Easter this year is a festival to particularly savour for Christians around the world. In a relatively rare occurrence, Eastern and Western traditions find that their liturgical calendars coincide, with Easter Sunday happening on the same date. It won’t happen again until 2034.
In Western Europe, it is barely noticed that the movable feast of Easter is not universally celebrated on one day each year. Nor does the fact that “Western” and “Orthodox” Easters move on different paths cause significant problems. But at the eastern end of the Mediterranean, it is a very different story.
On my first visit to Syria exactly 20 years ago, the Western and Orthodox calendars were not aligned. In fact, the two feasts of Easter were over a month apart. On the day of “Catholic” or “Western” Easter, as it was known locally, there was a knock on the door of my apartment. I opened the door to find a beautiful bouquet of flowers shyly thrust at me by Salah, my Kurdish florist friend, who muttered: “For your Easter,” before retreating hastily. Perhaps he thought I might mistake this gesture for a romantic act …
The next week he asked me why Christians had two Easters. And what was the religious meaning of this strange duplication? But even 20 years later, I struggle to understand the arcane process by which the liturgical year is calculated.
There is no way to explain to someone why the dates are reckoned differently without entering into the hairsplitting minutiae of historical intra-Christian conflict. At the time, I just shrugged and thought no more about it.

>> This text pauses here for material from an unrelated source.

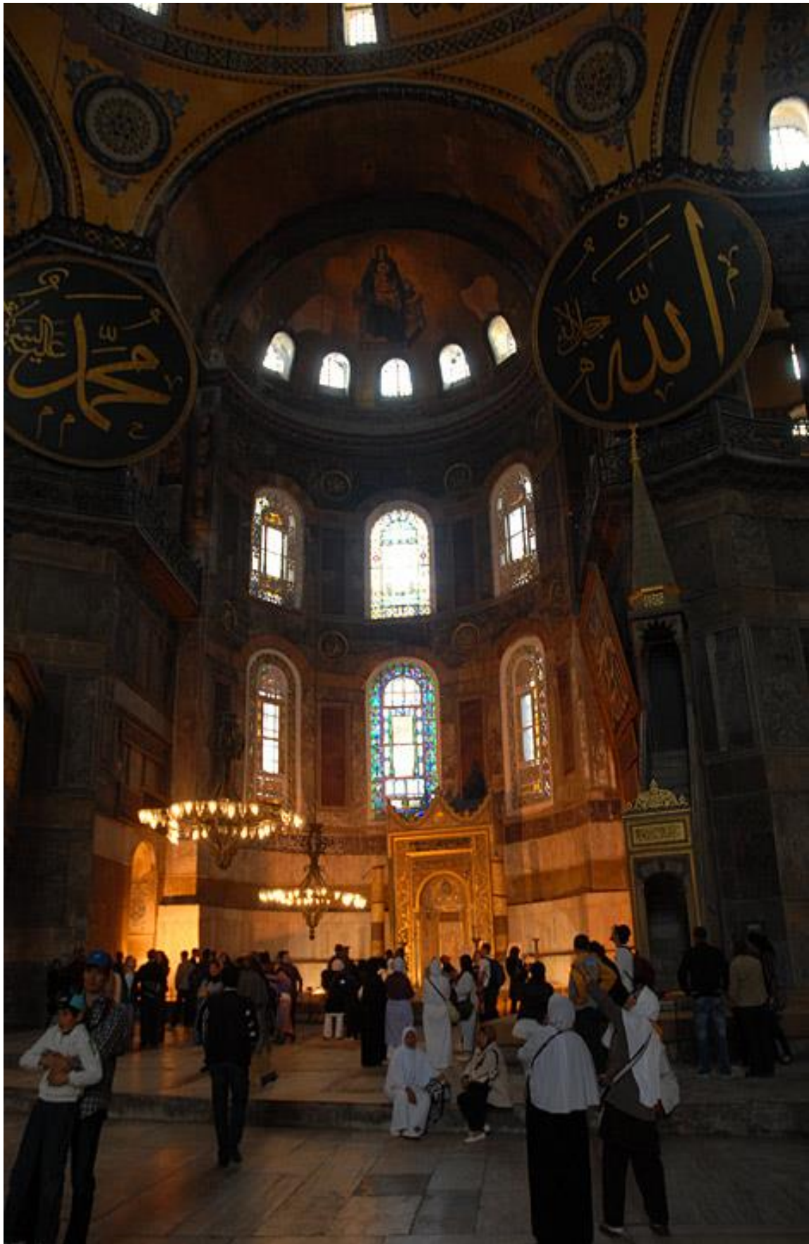
Олтарска апсида Свете Софије, Константинопољ

But over the years I have come to realise just how much it does matter – particularly in the Middle East. In this region, the Christian minorities of Syria, Iraq, Palestine and Jordan, and the larger Christian population of Lebanon, face a series of existential crises.
Wars wage in Syria and Iraq; Lebanon and Jordan wrestle with an almost unprecedented influx of refugees, and Palestinian Christians struggle to survive in the continuing Arab-Israeli conflict.

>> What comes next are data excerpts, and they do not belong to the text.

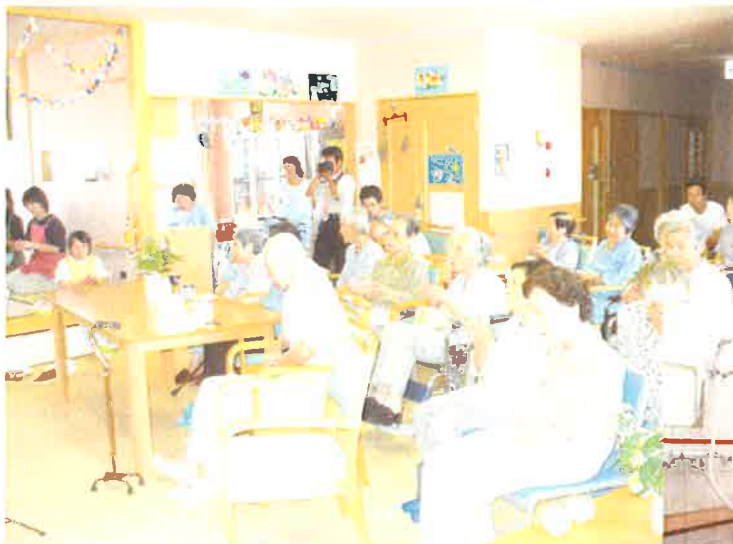
居間・食堂スペース (多目的に使われております)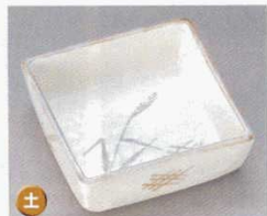
12024-514 志野角小鉢 1,350円 80入 (11×3.6cm)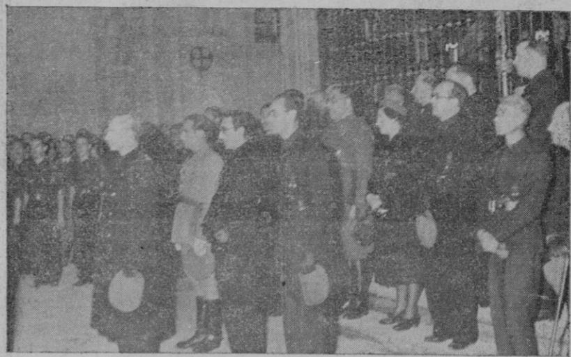
Alicante. — La Junta Política de Falange Española Tradicionalista y de las JONS recibe, en la iglesia de San Nicolás, el féretro que contiene el cuerpo de José Antonio.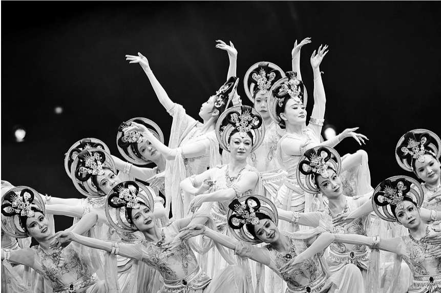
2026如意甘肃·大众文艺全民秀启动

俄外交部长拉夫罗夫25日12月29日说,乌克兰12月28日深夜至29日用91架远程攻击无人机袭击普京官邸于俄西北部诺夫哥罗德州的官邸。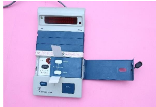
आन्तरिक परिणामी सेक्शन को स्पेशल टैग के साथ सील करना

What would be helpful would be some kind of intra-Christian solidarity to bind them together. Living in Aleppo, I counted more than 12 Christian denominations in that city alone. I even discovered that my landlady was a Palestinian Quaker.
I later learned to appreciate the generous ecumenical attitude of Syrian Christian society, which was apparent at all levels of society. But this sense of cooperation had a weakness – Easter. However cordial relations were, it was hard to convince the rest of the world of your Christian solidarity if you couldn’t even agree on which date to celebrate the festival at the heart of the faith.
In Syria, there was one famous phenomenon that Christians of all denominations anticipated, and which only occurred on those special years of a single Easter date. Myrna Nazzour, the keeper of the miraculous icon known as Our Lady of Soufanieh, received the stigmata (sensations of pain in locations corresponding to the crucifixion wounds of Jesus Christ). When she returned to consciousness after each of these episodes, she would say the Virgin Mary had appeared to her with a simple message: that Christians must heal their internal divisions and come together to serve Christ.
Has Myrna’s message from the Virgin been heeded? Well, last year talks were opened once again with the Archbishop of Canterbury rather hopefully predicting that this ancient problem should be resolved within five to ten years. Without calendar reform, we will not have another united Easter after 2017 until 2034.
And given the ferocity of various other Church conflicts at the moment, it seems to me that the question is unlikely to be resolved in the next 50 years. So this year, Christians of all denominations should come together and celebrate worshipping in a truly ecumenical manner in communion with all the Christians in the world. After all, it will be almost two decades before such an opportunity comes around again.
And the flowers from Salah? No, I wasn’t mistaken. He was not trying to change our platonic friendship. In fact, he had worked out that a Syrian Orthodox priest regularly came to my apartment to teach me Syriac. After seeing the lovely bouquet on my dining room table, Father Antoun gave Salah the contract to supply the Easter flowers to Mar Georgios Church. It was a major coup for a Kurd to win one of the most coveted contracts of the year. And I like to think of it as me doing my little bit for intra-communal relations in Aleppo.